EXERCISE
Begin at the line holding "这款背包是AAAAA 1:1 质量" and set down exactly each line through the last one below, omitting pictures. Include nothing else.
[[ RECORD EXTRACTS open ]]
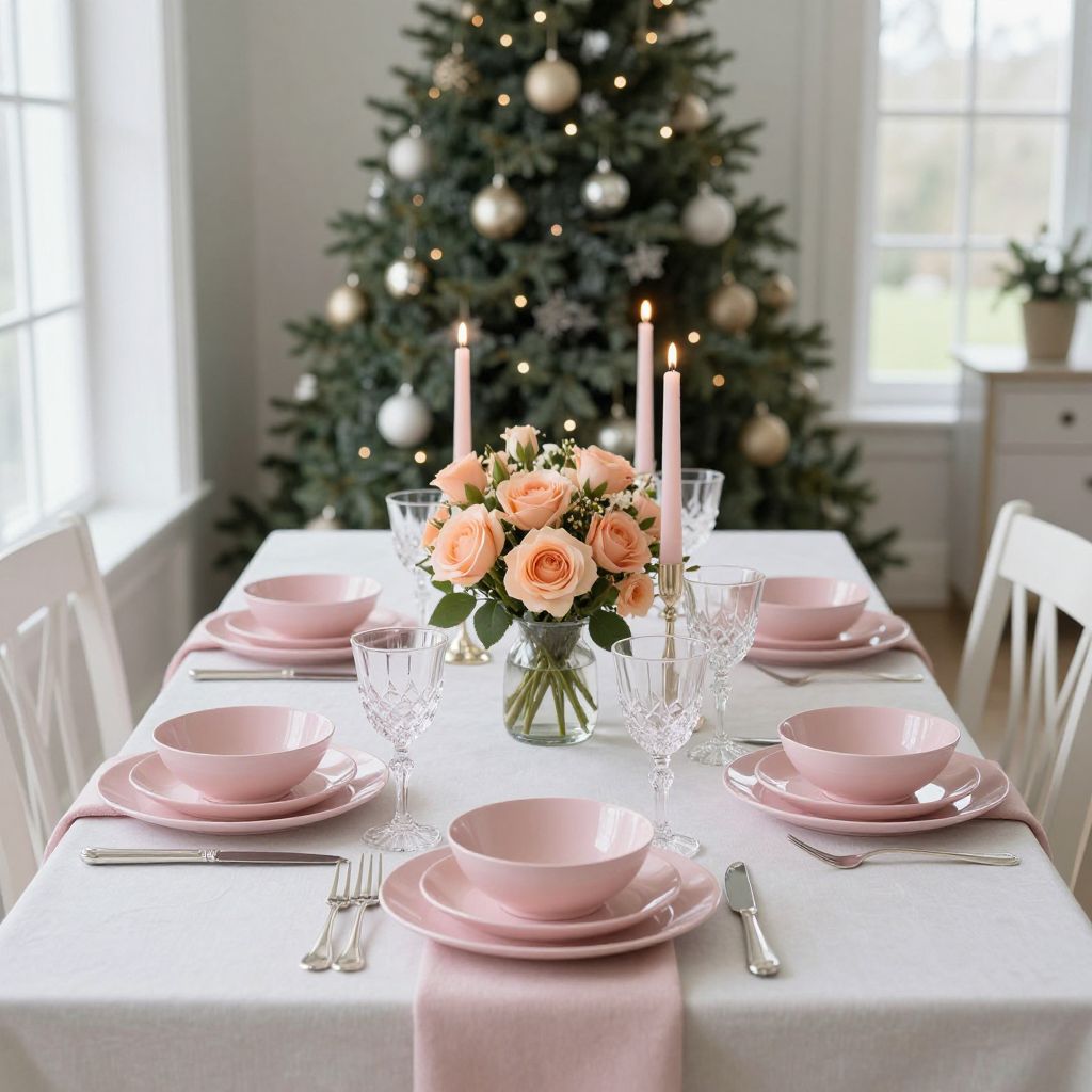 Elegant French Country Cottage table setting showcases a harmonious blend of pastel pink accents, featuring six place settings with delicate pink bowls, crystal glasses, and silverware, complemented by a central floral arrangement of peach roses and tall taper candles, all set against a backdrop of a festive Christmas tree and soft natural light streaming through large windows.
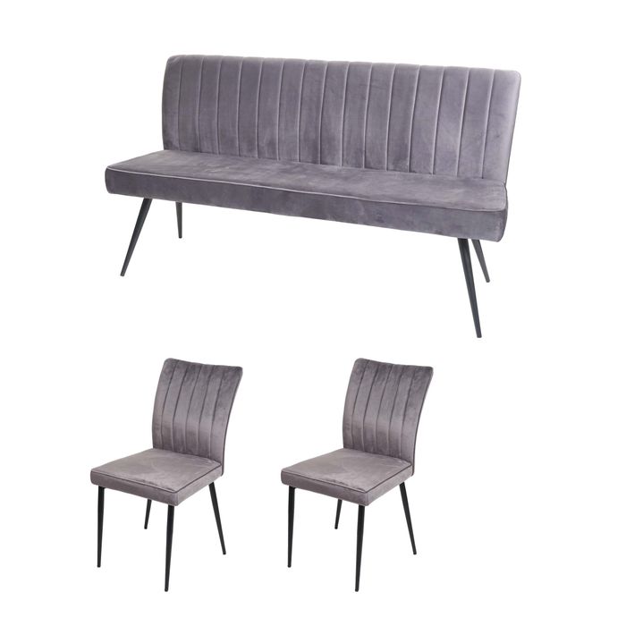 Esszimmer-Set HWC-K16, 2er-Set Stuhl+Sitzbank Esszimmergruppe Sitzgruppe Esszimmergarnitur, Samt Metall - dunkelgrau
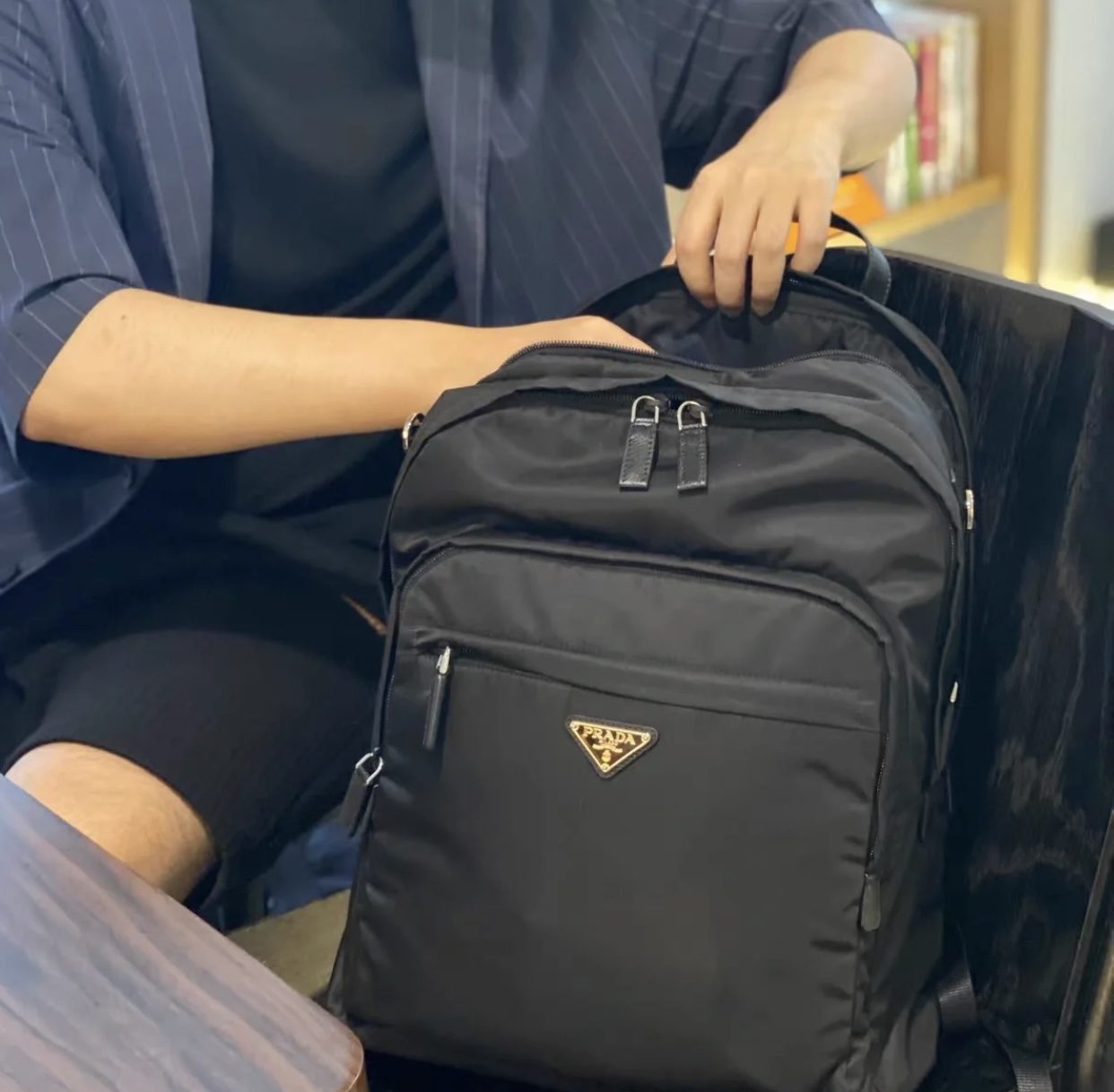 这款背包是AAAAA 1:1 质量 (非常棒). 使用了和原版一模一样的材料. 商标部分也保持了和普拉达/Prada一样. 图片拍摄是实物背包拍摄, 您所收到的实物保证和我们图片一模一样.
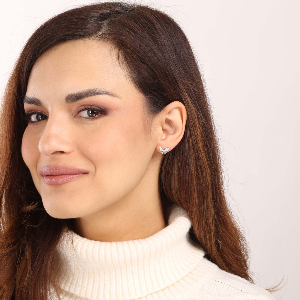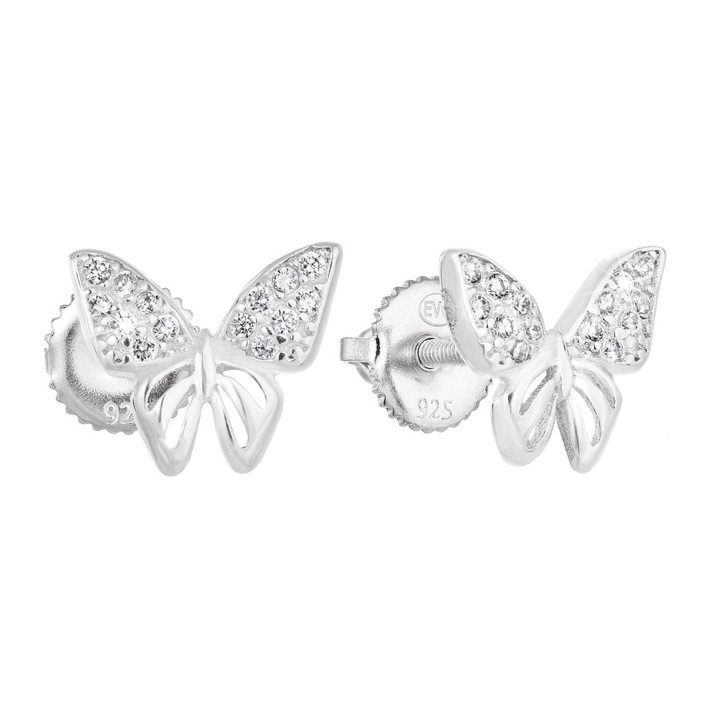 Strieborné náušnice pecka so zirkónom biely motýľ 11311.1
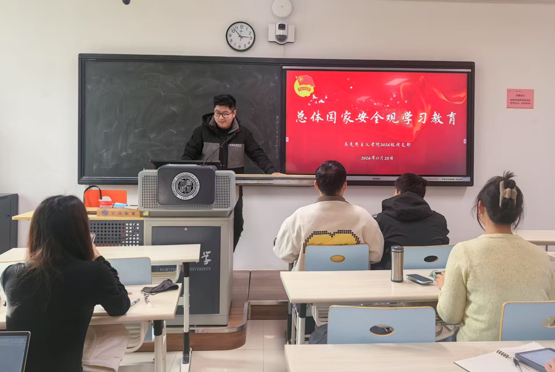 活动伊始,安晨阳讲述了习近平总书记关于总体国家安全观的重要论述,帮助同学们理解总体国家安全观的内涵与外延。随后,他带领同学们观看了以《创新引领·国安砺剑》为题的国际安全教育视频,并通过案例分析的方式使同学们深刻领悟到了总体国家安全观的重要性,增强了同学们的忧患意识。
[[ RECORD EXTRACTS closed ]]
TASK RESPONSE
 这款背包是AAAAA 1:1 质量 (非常棒). 使用了和原版一模一样的材料. 商标部分也保持了和普拉达/Prada一样. 图片拍摄是实物背包拍摄, 您所收到的实物保证和我们图片一模一样.
 Strieborné náušnice pecka so zirkónom biely motýľ 11311.1
 活动伊始,安晨阳讲述了习近平总书记关于总体国家安全观的重要论述,帮助同学们理解总体国家安全观的内涵与外延。随后,他带领同学们观看了以《创新引领·国安砺剑》为题的国际安全教育视频,并通过案例分析的方式使同学们深刻领悟到了总体国家安全观的重要性,增强了同学们的忧患意识。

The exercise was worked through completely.